BEGIN

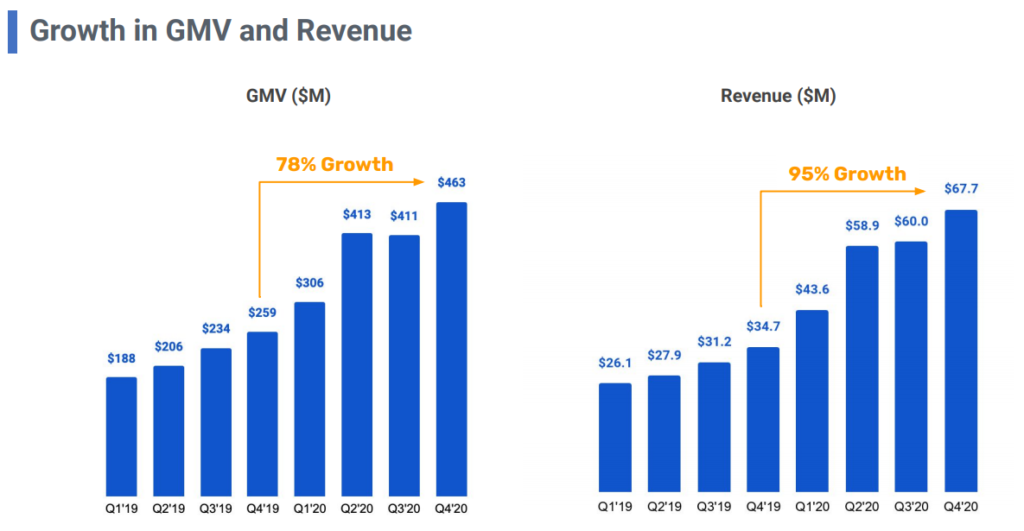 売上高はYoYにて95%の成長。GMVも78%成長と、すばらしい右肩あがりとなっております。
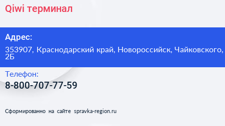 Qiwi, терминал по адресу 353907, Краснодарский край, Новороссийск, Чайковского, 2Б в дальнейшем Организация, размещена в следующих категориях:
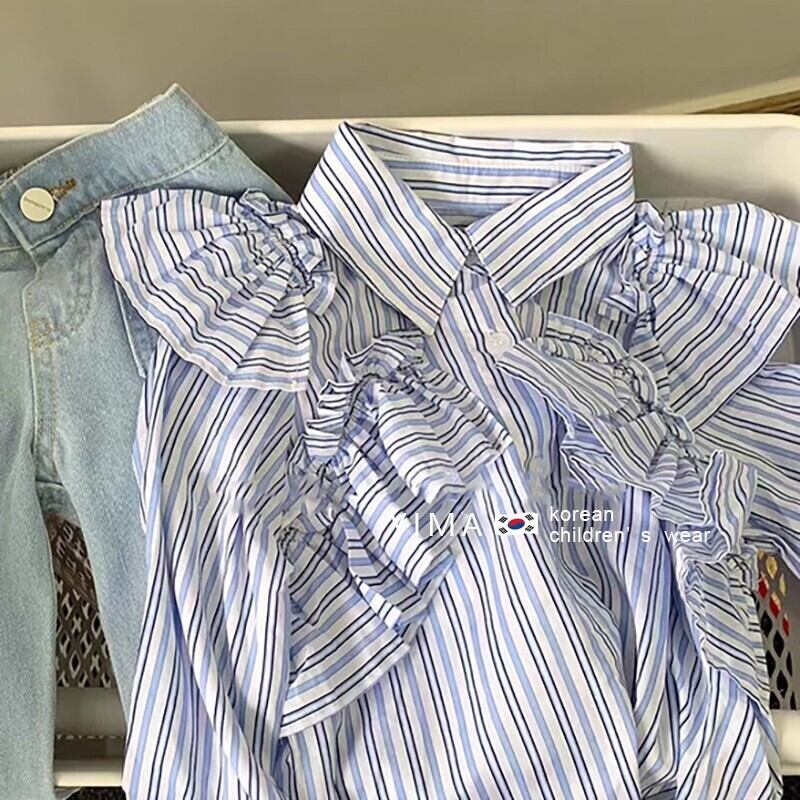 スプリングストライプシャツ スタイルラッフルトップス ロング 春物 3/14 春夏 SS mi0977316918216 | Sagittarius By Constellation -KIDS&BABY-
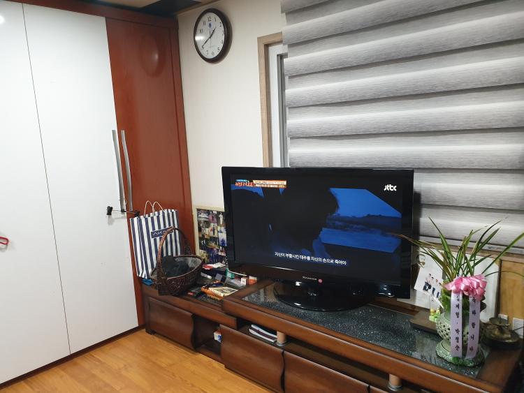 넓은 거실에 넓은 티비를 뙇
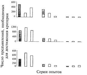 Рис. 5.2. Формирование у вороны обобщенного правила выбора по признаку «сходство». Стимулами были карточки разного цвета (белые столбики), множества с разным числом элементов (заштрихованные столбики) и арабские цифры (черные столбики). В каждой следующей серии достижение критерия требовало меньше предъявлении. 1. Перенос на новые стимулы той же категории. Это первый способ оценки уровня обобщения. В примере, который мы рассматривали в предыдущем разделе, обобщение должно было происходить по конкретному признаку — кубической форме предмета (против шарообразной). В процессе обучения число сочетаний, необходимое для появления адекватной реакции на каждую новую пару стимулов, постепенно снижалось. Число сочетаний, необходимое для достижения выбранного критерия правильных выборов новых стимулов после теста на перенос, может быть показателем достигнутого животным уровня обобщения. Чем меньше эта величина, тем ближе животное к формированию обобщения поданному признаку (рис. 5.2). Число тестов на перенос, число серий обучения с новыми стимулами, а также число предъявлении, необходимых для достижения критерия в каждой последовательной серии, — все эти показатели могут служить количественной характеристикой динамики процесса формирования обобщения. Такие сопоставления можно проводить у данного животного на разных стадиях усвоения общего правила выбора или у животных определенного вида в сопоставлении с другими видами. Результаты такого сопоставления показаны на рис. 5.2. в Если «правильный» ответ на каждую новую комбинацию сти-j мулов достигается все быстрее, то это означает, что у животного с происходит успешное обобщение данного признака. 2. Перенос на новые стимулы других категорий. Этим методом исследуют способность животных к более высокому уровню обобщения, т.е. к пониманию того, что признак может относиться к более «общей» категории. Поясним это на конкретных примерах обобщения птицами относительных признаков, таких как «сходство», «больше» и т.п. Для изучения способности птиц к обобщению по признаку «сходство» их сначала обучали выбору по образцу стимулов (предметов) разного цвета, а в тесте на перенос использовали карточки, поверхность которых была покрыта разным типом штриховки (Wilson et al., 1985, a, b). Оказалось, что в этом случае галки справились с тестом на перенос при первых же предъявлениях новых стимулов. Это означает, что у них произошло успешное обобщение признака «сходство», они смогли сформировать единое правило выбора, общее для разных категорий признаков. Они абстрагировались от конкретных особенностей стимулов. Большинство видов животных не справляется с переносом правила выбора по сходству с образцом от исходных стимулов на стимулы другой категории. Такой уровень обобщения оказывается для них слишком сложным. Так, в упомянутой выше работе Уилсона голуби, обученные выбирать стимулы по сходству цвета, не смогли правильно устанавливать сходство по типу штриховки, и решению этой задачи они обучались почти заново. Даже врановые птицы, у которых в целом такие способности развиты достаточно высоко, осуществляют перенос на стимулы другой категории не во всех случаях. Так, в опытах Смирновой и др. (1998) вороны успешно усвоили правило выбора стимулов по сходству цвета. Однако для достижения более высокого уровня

END

-- EXERCISE AIM --
Skipping the pictures, print the lines in the listing above exactly as written, starting at the line with "スプリングストライプシャツ スタイルラッフルトップス ロング" and ending at the line with "넓은 거실에 넓은 티비를 뙇", both included.

-- YOUR SOLUTION --
 スプリングストライプシャツ スタイルラッフルトップス ロング 春物 3/14 春夏 SS mi0977316918216 | Sagittarius By Constellation -KIDS&BABY-
 넓은 거실에 넓은 티비를 뙇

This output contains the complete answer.